The disaster failed to dim the romance of community organizing. But by the time Obama arrived in Chicago in 1984, an Alinskyite diagnosis of South Side poverty was doubly irrelevant. Blacks had more political power in Chicago than ever before, yet that power had no impact on the tidal wave of dysfunction that was sweeping through the largest black community in the United States. Chicago had just elected Harold Washington, the city’s first black mayor; the heads of Chicago’s school system and public housing were black, as were most of their employees; black power broker Emil Jones, Jr. represented the South Side in the Illinois State Senate; Jesse Jackson would launch his 1984 presidential campaign from Chicago. The notion that blacks were disenfranchised struck even some of Obama’s potential organizees as ludicrous. “Why we need to be protesting and carrying on at our own people?” a prominent South Side minister asked Obama soon after he arrived in Chicago. “Anybody sitting around this table got a direct line to City Hall.”

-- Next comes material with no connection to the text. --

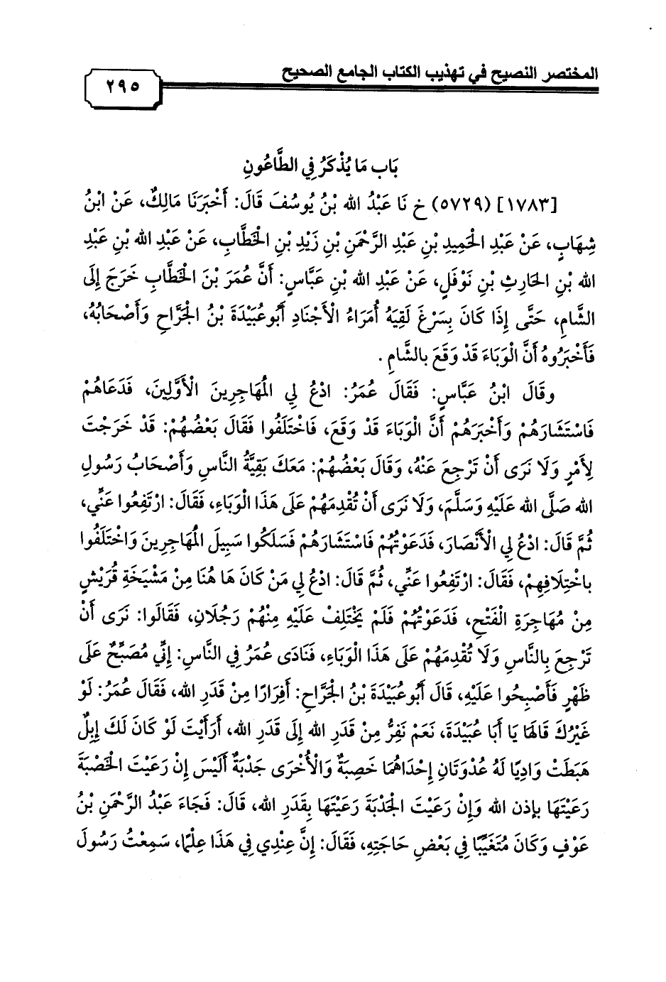 [1783] (5729) خ نَا عَبْدُ الله بْنُ يُوسُفَ قَالَ: أَخْبَرَنَا مَالِكٌ، عَنْ ابْنُ شِهَابٍ، عَنْ عَبْدِ الْحَمِيدِ بْنِ عَبْدِ الرَّحْمَنِ بْنِ زَيْدِ بْنِ الْخَطَّابِ، عَنْ عَبْدِ الله بْنِ عَبْدِ الله بْنِ الحَارِثِ بْنِ نَوْفَلٍ، عَنْ عَبْدِ الله بْنِ عَبَّاسٍ: أَنَّ عُمَرَ بْنَ الْخَطَّابِ خَرَجَ إِلَى الشَّامِ, حَتَّى إِذَا كَانَ بِسَرْغَ لَقِيَهُ أُمَرَاءُ الْأَجْنَادِ أَبُوعُبَيْدَةَ بْنُ الْجَرَّاحِ وَأَصْحَابُهُ، فَأَخْبَرُوهُ أَنَّ الْوَبَاءَ قَدْ وَقَعَ بالشَّامِ.

Pace Alinsky, such political clout could not stop black Chicago’s social breakdown. Crime was exploding. Gangs ran the housing projects—their reign of thuggery aided by ACLU lawsuits, which had stripped the housing authority of its right to screen tenants. But the violence spread beyond the projects. In 1984, Obama’s first year in Chicago, gang members gunned down a teenage basketball star, Benjy Wilson.
The citywide outcry that followed was heartfelt but beside the point. None of the prominent voices calling for an end to youth violence—from Mayor Washington to Jesse Jackson to school administrators—noted that all of Wilson’s killers came from fatherless families (or that he had fathered an illegitimate child himself). Nor did the would-be reformers mention the all-important fact that a staggering 75 percent of Chicago’s black children were being born out of wedlock. The sky-high illegitimacy rate meant that black boys were growing up in a world in which it was normal to impregnate a girl and then take off. When a boy is raised without any social expectation that he will support his children and marry his children’s mother, he fails to learn the most fundamental lesson of personal responsibility. The high black crime rate was one result of a culture that fails to civilize men through marriage.